__Prompt__:
Write out again, exactly, the lines below starting at the one with "Choose from standard, vegetarian, or" and ending at the one with "20 procent kan".

__Dataset records__:
+---+
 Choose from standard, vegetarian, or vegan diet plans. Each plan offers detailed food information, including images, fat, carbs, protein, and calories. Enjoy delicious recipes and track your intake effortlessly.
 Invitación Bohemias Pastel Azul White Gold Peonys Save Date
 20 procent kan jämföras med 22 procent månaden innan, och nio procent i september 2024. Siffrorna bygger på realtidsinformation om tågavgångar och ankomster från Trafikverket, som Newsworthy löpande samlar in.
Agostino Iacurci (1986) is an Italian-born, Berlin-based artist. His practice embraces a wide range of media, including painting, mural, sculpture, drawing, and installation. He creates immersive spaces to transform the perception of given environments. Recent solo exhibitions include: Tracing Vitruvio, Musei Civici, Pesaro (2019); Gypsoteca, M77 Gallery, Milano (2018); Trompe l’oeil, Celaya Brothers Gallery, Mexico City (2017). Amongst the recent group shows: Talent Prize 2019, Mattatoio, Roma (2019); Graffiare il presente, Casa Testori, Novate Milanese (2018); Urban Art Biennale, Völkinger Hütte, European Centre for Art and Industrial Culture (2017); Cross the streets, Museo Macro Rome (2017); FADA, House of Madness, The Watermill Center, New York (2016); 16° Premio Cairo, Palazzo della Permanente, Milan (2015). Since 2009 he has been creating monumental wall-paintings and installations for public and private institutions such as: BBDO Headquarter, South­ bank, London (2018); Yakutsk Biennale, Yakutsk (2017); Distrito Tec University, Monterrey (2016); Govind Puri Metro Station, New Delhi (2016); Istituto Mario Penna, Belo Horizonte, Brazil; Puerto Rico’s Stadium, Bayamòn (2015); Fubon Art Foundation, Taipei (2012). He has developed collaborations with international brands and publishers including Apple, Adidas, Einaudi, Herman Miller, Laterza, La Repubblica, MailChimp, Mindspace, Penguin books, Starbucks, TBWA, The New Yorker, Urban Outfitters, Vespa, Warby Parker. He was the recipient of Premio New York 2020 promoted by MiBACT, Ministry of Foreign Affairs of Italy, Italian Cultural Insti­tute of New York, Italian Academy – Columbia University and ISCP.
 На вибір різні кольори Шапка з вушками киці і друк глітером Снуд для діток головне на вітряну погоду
+---+
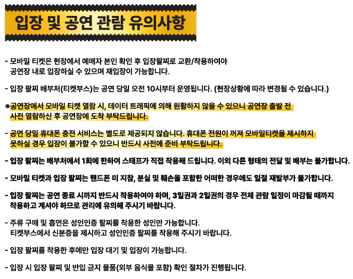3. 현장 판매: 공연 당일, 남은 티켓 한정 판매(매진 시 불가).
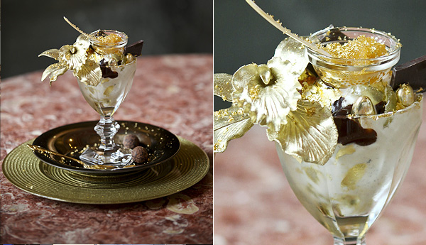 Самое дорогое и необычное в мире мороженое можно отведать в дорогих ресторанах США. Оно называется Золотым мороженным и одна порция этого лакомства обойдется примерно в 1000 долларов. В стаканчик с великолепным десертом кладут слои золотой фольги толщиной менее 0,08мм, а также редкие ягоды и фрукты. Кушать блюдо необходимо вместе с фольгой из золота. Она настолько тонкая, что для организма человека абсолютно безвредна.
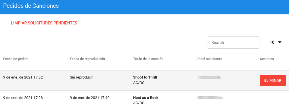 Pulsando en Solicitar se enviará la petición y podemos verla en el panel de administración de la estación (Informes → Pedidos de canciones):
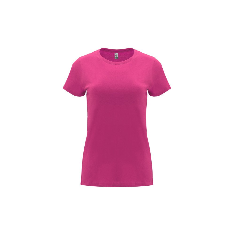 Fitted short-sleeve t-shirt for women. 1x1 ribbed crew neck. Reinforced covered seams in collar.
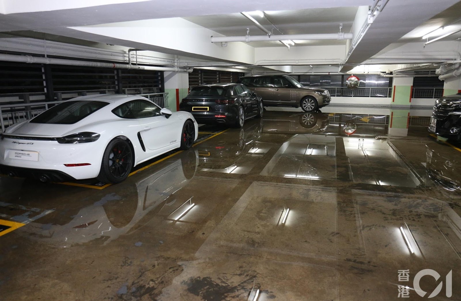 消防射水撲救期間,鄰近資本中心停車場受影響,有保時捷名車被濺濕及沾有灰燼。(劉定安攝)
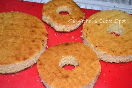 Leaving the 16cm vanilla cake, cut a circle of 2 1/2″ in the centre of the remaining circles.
+---+
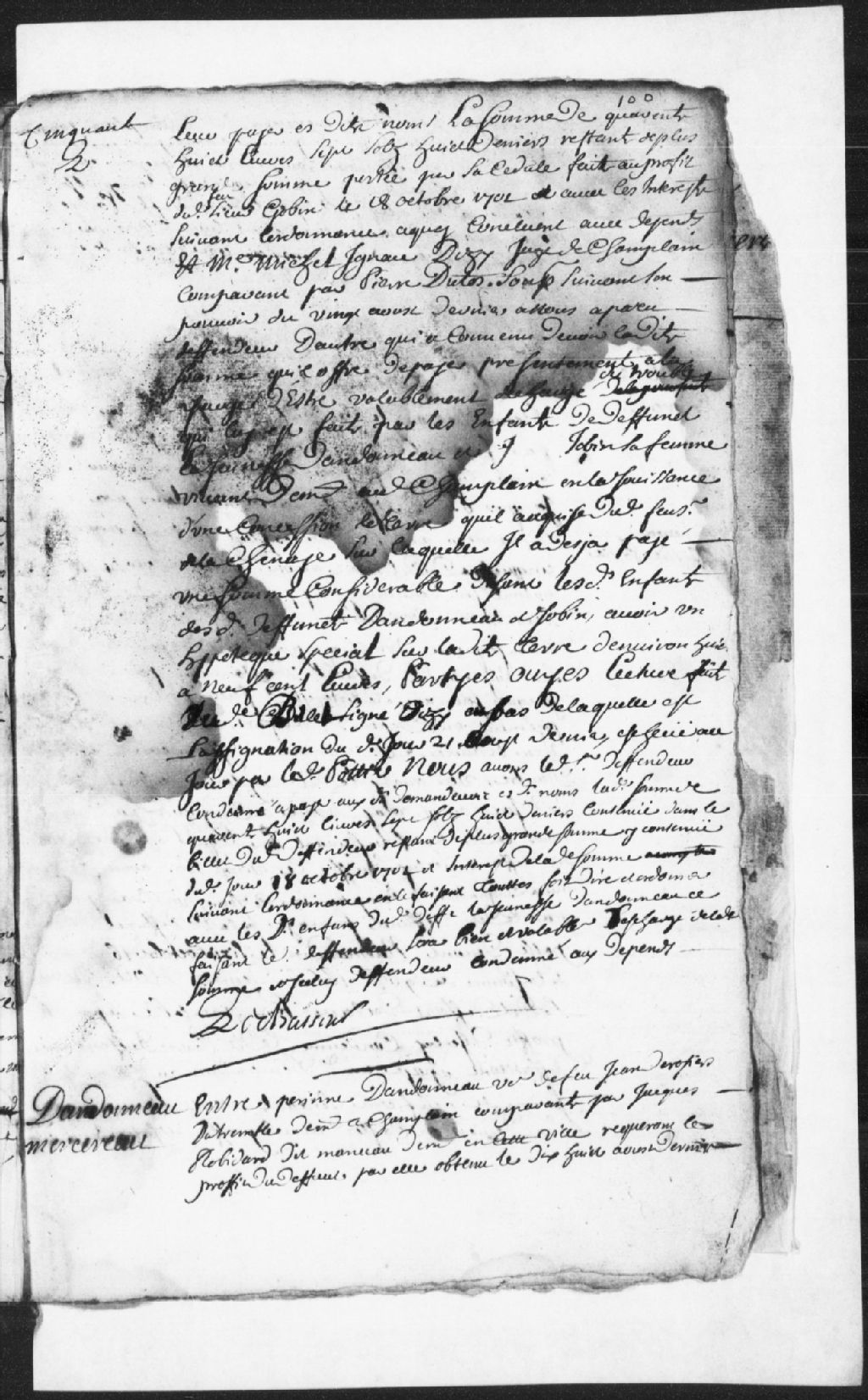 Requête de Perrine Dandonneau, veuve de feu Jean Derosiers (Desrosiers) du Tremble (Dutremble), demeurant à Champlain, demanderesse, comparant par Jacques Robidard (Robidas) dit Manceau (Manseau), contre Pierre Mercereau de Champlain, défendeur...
+---+
__Answer below__:
 Choose from standard, vegetarian, or vegan diet plans. Each plan offers detailed food information, including images, fat, carbs, protein, and calories. Enjoy delicious recipes and track your intake effortlessly.
 Invitación Bohemias Pastel Azul White Gold Peonys Save Date
 20 procent kan jämföras med 22 procent månaden innan, och nio procent i september 2024. Siffrorna bygger på realtidsinformation om tågavgångar och ankomster från Trafikverket, som Newsworthy löpande samlar in.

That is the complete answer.